*Problem to work on*. The records below need to be set down again exactly; their images stay out.

Stored entries
════════════════
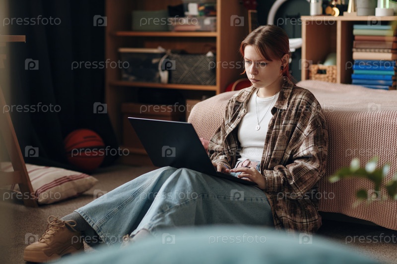 Девушка-подросток, сидящая на полу с помощью ноутбука для школьной работы в комнате
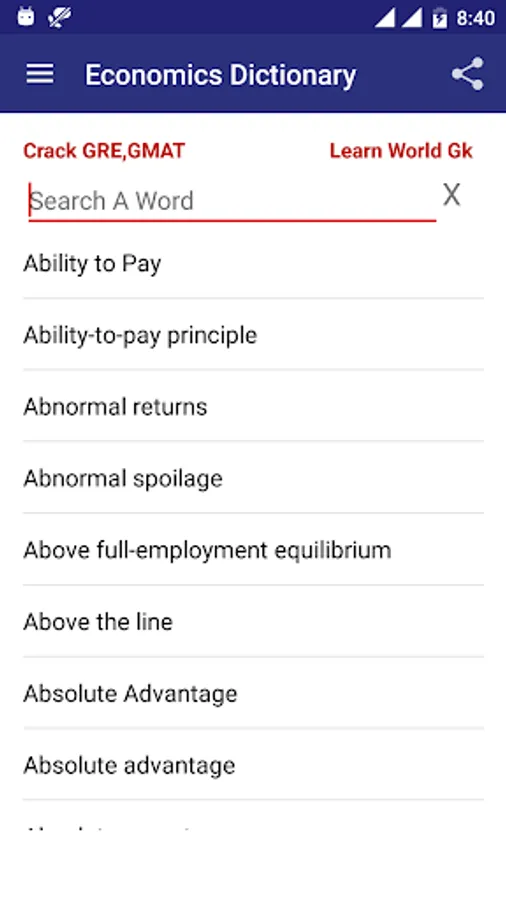 Free Offline Economics Dictionary app containing over 10000 basic and common economic terms (a-z) and their definition for and students to look up the definitions and technical terms in a second.
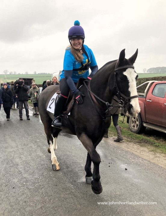 Carole always said that taking part in the race was all about Kate and her horse, Lorna. The course is difficult for it takes place not on a conventional racecourse but along muddy and often rutted lanes, tracks and field margins. Carole’s intention was solely to reach the finish line with both her and Lorna in one piece. As it happened, she did manage this, and in some style, as can be seen from the photos, both thoroughly enjoyed themselves. To date, many thousands of pounds has been raised for the hospice in Kate’s memory but more is always welcome. If you are able to add to the funds and help to take it over £10,000, Carole, the hospice and Kate’s husband, Chris will be more than grateful. Click on the link here to donate.
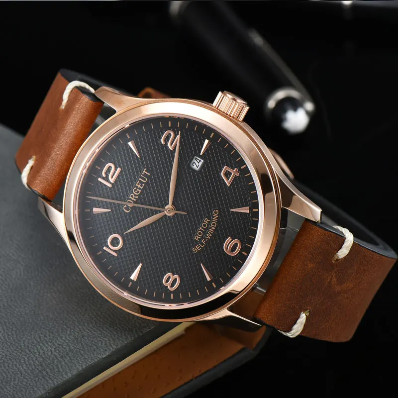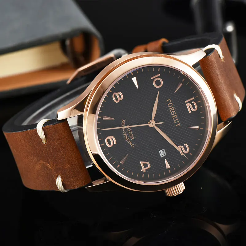 Corgeut 42mm Automatic Mechanical Watch Men Fashtion Seagull Power Reserve Date Business Waterproof Leather Strap Wristwatch MenBuy Now On Aliexpress
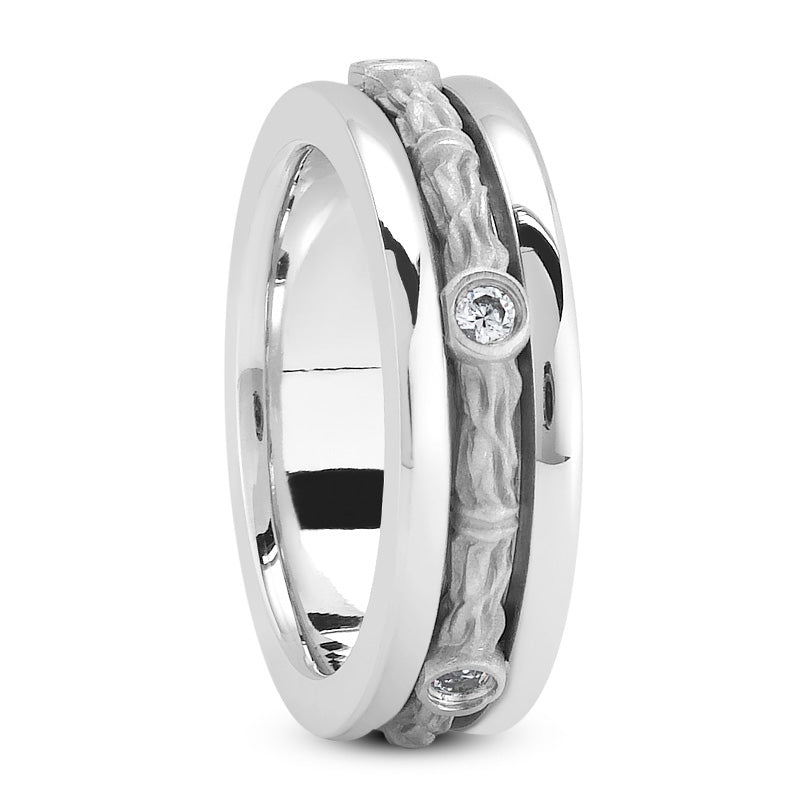 Bark Men's Diamond Wedding Ring in Platinum By Mike Nekta NYC, 6MM
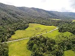 The northern expanse of Southwest Papua is dominated by the Tambrauw Mountains, spanning across Tambrauw Regency. Notably, Tambrauw has been designated as a Conservation Regency, with a remarkable 80 percent of its forests safeguarded within protected areas. Nestled amidst these mountains lies the expansive Kebar Valley, home to the indigenous Mpur people. The Kebar Valley is characterized by vast grasslands and a diverse array of wildlife including the bird-of-paradise, crowned pigeon and tree kangaroos.[13][41] Tambrauw Regency also has a wide coastline. This coastal area is also designated as a conservation area, namely the Jeen Womom Coastal Park. Jeen Womom has an area of 32 thousand hectares and its fauna include the large leatherback turtle.[42]
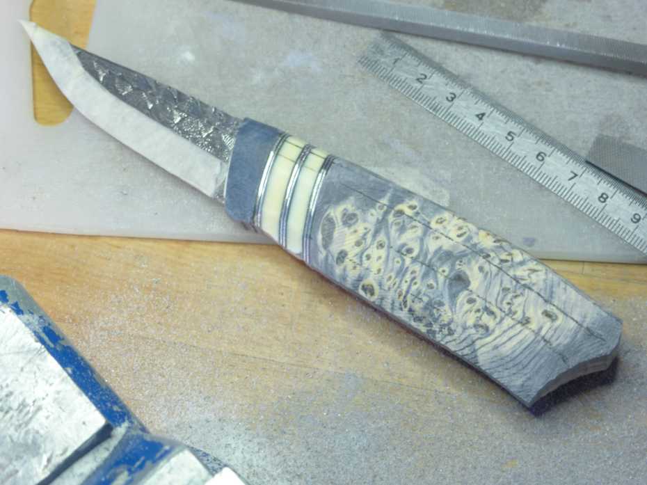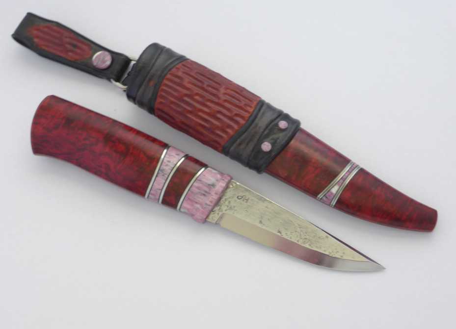 a carbon steel blade, grinded by Anders Hedlund. handle in dyed jawbone and stabilized birch masur 🙂
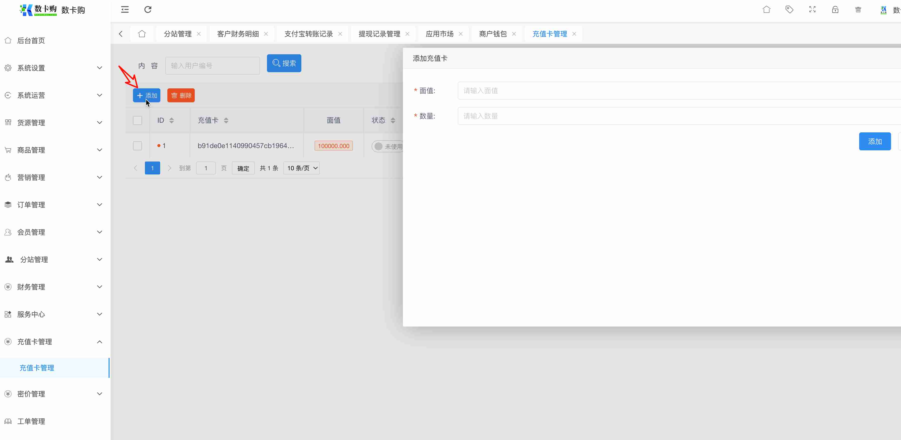添加充值卡
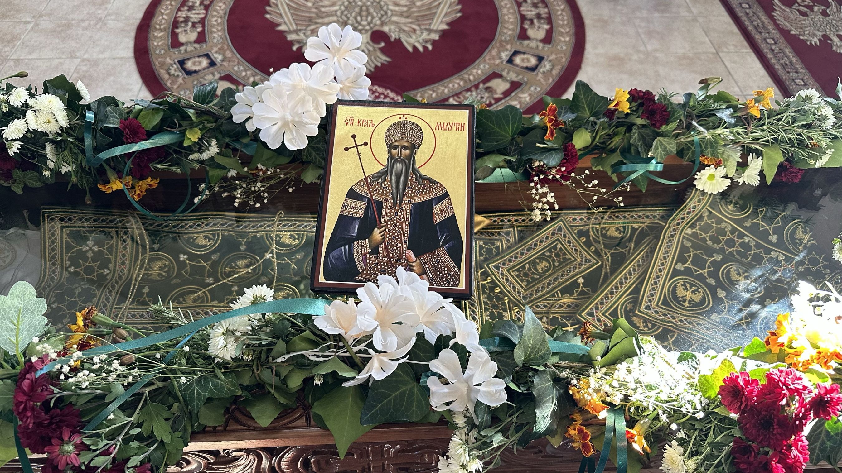 „Данас се молитвено сећамо Светог краља Милутина, иако се он не слави на данашњи дан, а разлог томе је што су овде, у храм Светог Симеона Столпника у Милошевцу, донете свете одежде које су биле на њему. Из најстарије хришћанске традиције знамо да где су предмети и одећа везани за светитеља, да је тамо и сам тај светитељ присутан. Још из најстаријих времена видимо велико поштовање према плаштаници у којој је био увијен наш Господ Исус Христос, као и велико поштовање појаса Пресвете Богородице, али и убруса којима се брисао апостол Павле, а који имају ицељујуће дејство на оне који су им прилазили вером. Такође, и дан данас у цркви Светог Петра у Риму се чувају вериге у којима је био окован апостол Петар. Предмете који су били везани за светитеље, особито они предмети и одежде које су његово тело додиривали, ми поштујемо јер по учењу наше свете Цркве благодат Божија која на свакој светој Литургији силази на све нас и свете дарова, на хлеб и вино који постају Тело и Крв Христова, та благодат Божија прожима душе светитеља и њихово само тело бива прожето благодаћу Божијом, подражавајући будуће наше тело након Васкрсења. Због тога тела светитеља не труну као код обичних грешних људи, него прожета овом божанском благодаћу остају нераспаднута и изливају благопријатни мирис. Тако су и мошти Светог краља Милутина нетрулежне и налазе се данас у Софији, у храму Свете Недеље, и благочестивошћу вашег сународника, нашег брата Жељка Јовића, који је једно време по службеној дужности боравио у Софији као представник наше државе, донете су нам одежда Светог краља Милутина, у којима су у протеклу годину дана биле обучене мошти Светог краља Милутина, као уздарје нашој епархији и његовом селу. Кроз овај драгоцени дар, Свети краљ Милутин нам је постао свакодневно присутан“ – беседио је владика Јеротеј.
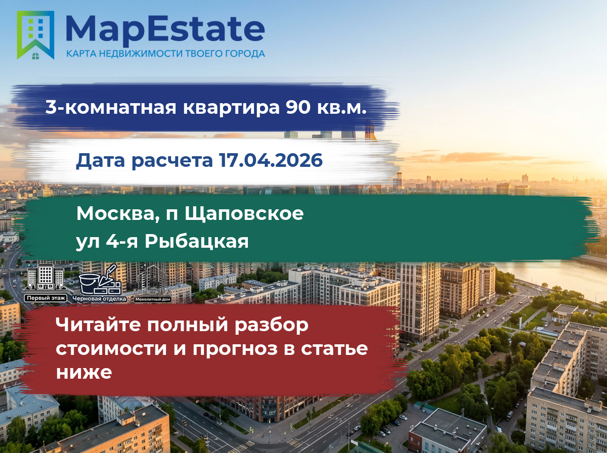 Сколько стоит квартира 90 м² в москва, п щаповское, ул 4-я рыбацкая?
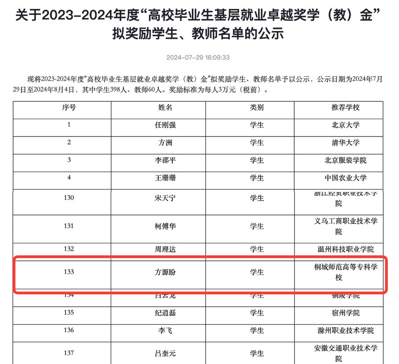| 喜報——桐城師專小學教育專業畢業生方源盼獲2023-2024年度“高校畢業生基層就業卓越獎學(教)金” |
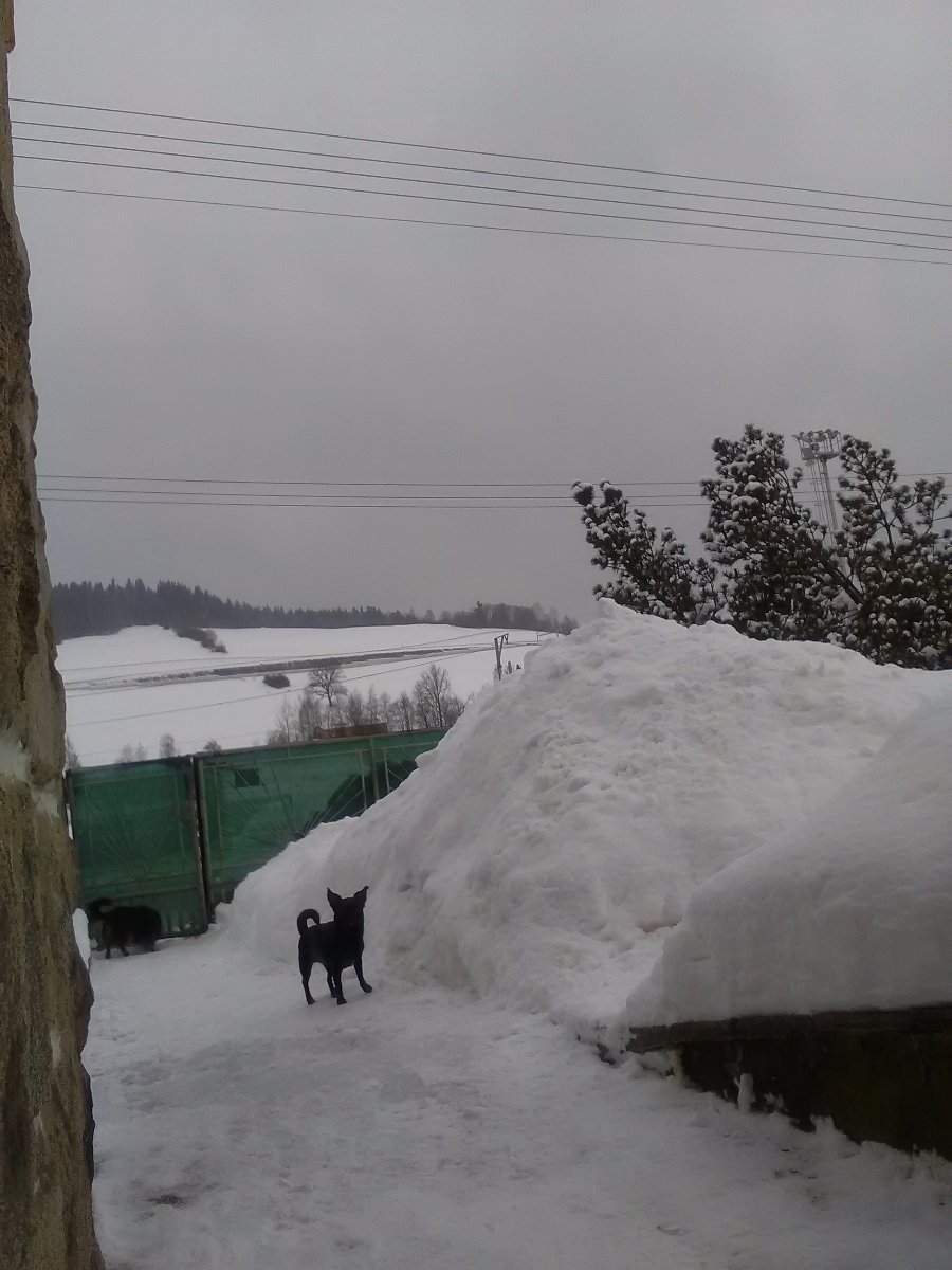 ... po polojasné noci a svítání první snížek od včerejška snášející se cca 10 minut ve vánkovém SZ téměř bezvětří, obl.7/10, pojukávající sluníčko...(včera z večera měřená vrsva sněhu = 26,- cm)...
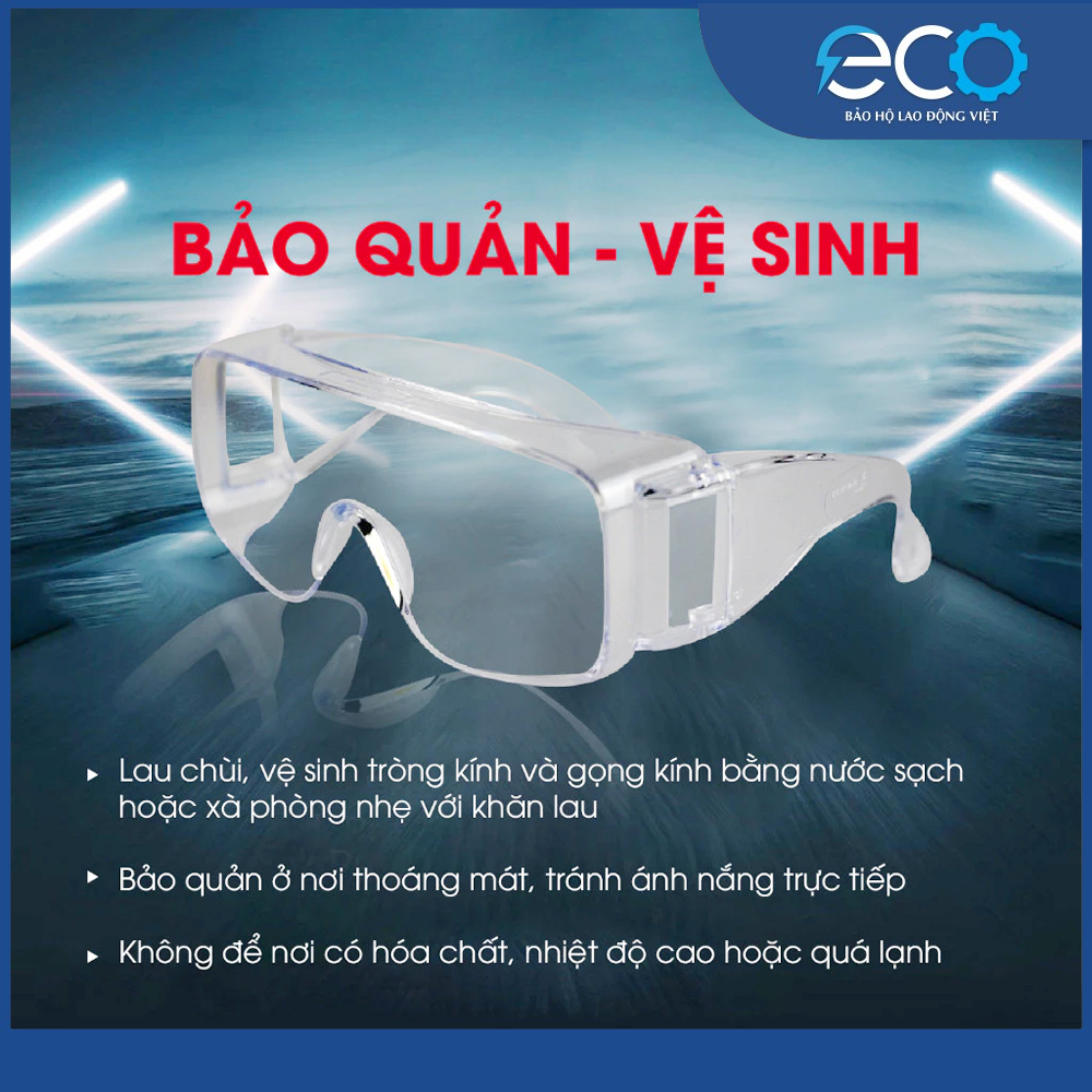 - Bảo vệ mắt khỏi bụi mịn, hóa chất, tia UV, vật bắn
════════════════
*Solution for this problem*.
 Девушка-подросток, сидящая на полу с помощью ноутбука для школьной работы в комнате
 Free Offline Economics Dictionary app containing over 10000 basic and common economic terms (a-z) and their definition for and students to look up the definitions and technical terms in a second.
 Carole always said that taking part in the race was all about Kate and her horse, Lorna. The course is difficult for it takes place not on a conventional racecourse but along muddy and often rutted lanes, tracks and field margins. Carole’s intention was solely to reach the finish line with both her and Lorna in one piece. As it happened, she did manage this, and in some style, as can be seen from the photos, both thoroughly enjoyed themselves. To date, many thousands of pounds has been raised for the hospice in Kate’s memory but more is always welcome. If you are able to add to the funds and help to take it over £10,000, Carole, the hospice and Kate’s husband, Chris will be more than grateful. Click on the link here to donate.
 Corgeut 42mm Automatic Mechanical Watch Men Fashtion Seagull Power Reserve Date Business Waterproof Leather Strap Wristwatch MenBuy Now On Aliexpress
 Bark Men's Diamond Wedding Ring in Platinum By Mike Nekta NYC, 6MM
 The northern expanse of Southwest Papua is dominated by the Tambrauw Mountains, spanning across Tambrauw Regency. Notably, Tambrauw has been designated as a Conservation Regency, with a remarkable 80 percent of its forests safeguarded within protected areas. Nestled amidst these mountains lies the expansive Kebar Valley, home to the indigenous Mpur people. The Kebar Valley is characterized by vast grasslands and a diverse array of wildlife including the bird-of-paradise, crowned pigeon and tree kangaroos.[13][41] Tambrauw Regency also has a wide coastline. This coastal area is also designated as a conservation area, namely the Jeen Womom Coastal Park. Jeen Womom has an area of 32 thousand hectares and its fauna include the large leatherback turtle.[42]
 a carbon steel blade, grinded by Anders Hedlund. handle in dyed jawbone and stabilized birch masur 🙂
添加充值卡
 „Данас се молитвено сећамо Светог краља Милутина, иако се он не слави на данашњи дан, а разлог томе је што су овде, у храм Светог Симеона Столпника у Милошевцу, донете свете одежде које су биле на њему. Из најстарије хришћанске традиције знамо да где су предмети и одећа везани за светитеља, да је тамо и сам тај светитељ присутан. Још из најстаријих времена видимо велико поштовање према плаштаници у којој је био увијен наш Господ Исус Христос, као и велико поштовање појаса Пресвете Богородице, али и убруса којима се брисао апостол Павле, а који имају ицељујуће дејство на оне који су им прилазили вером. Такође, и дан данас у цркви Светог Петра у Риму се чувају вериге у којима је био окован апостол Петар. Предмете који су били везани за светитеље, особито они предмети и одежде које су његово тело додиривали, ми поштујемо јер по учењу наше свете Цркве благодат Божија која на свакој светој Литургији силази на све нас и свете дарова, на хлеб и вино који постају Тело и Крв Христова, та благодат Божија прожима душе светитеља и њихово само тело бива прожето благодаћу Божијом, подражавајући будуће наше тело након Васкрсења. Због тога тела светитеља не труну као код обичних грешних људи, него прожета овом божанском благодаћу остају нераспаднута и изливају благопријатни мирис. Тако су и мошти Светог краља Милутина нетрулежне и налазе се данас у Софији, у храму Свете Недеље, и благочестивошћу вашег сународника, нашег брата Жељка Јовића, који је једно време по службеној дужности боравио у Софији као представник наше државе, донете су нам одежда Светог краља Милутина, у којима су у протеклу годину дана биле обучене мошти Светог краља Милутина, као уздарје нашој епархији и његовом селу. Кроз овај драгоцени дар, Свети краљ Милутин нам је постао свакодневно присутан“ – беседио је владика Јеротеј.
 Сколько стоит квартира 90 м² в москва, п щаповское, ул 4-я рыбацкая?
| 喜報——桐城師專小學教育專業畢業生方源盼獲2023-2024年度“高校畢業生基層就業卓越獎學(教)金” |
 ... po polojasné noci a svítání první snížek od včerejška snášející se cca 10 minut ve vánkovém SZ téměř bezvětří, obl.7/10, pojukávající sluníčko...(včera z večera měřená vrsva sněhu = 26,- cm)...
 - Bảo vệ mắt khỏi bụi mịn, hóa chất, tia UV, vật bắn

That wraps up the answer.